▶ Your instructions
Without including any images, repeat the listing below exactly.

▶ Information shown
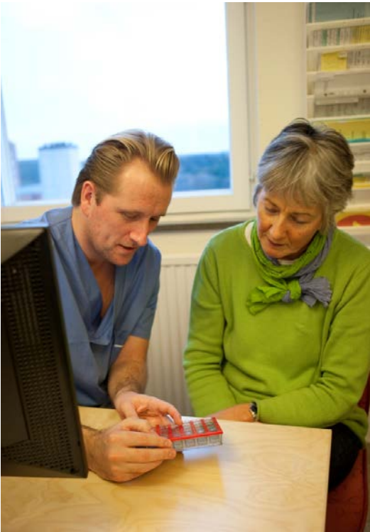
Patienter som medarbetare
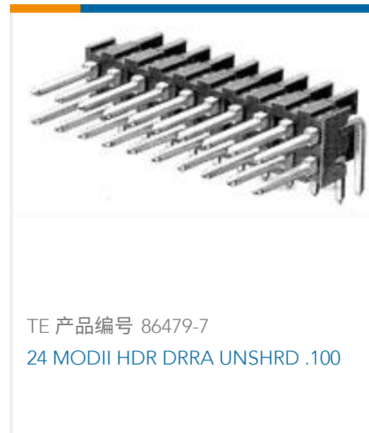
TE 产品编号 86479-7 24 MODII HDR DRRA UNSHRD .100
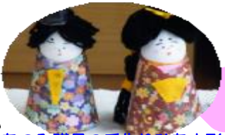
なのみ職員の手作りひな人形

▶ Solution to this exercise
Patienter som medarbetare
TE 产品编号 86479-7 24 MODII HDR DRRA UNSHRD .100
なのみ職員の手作りひな人形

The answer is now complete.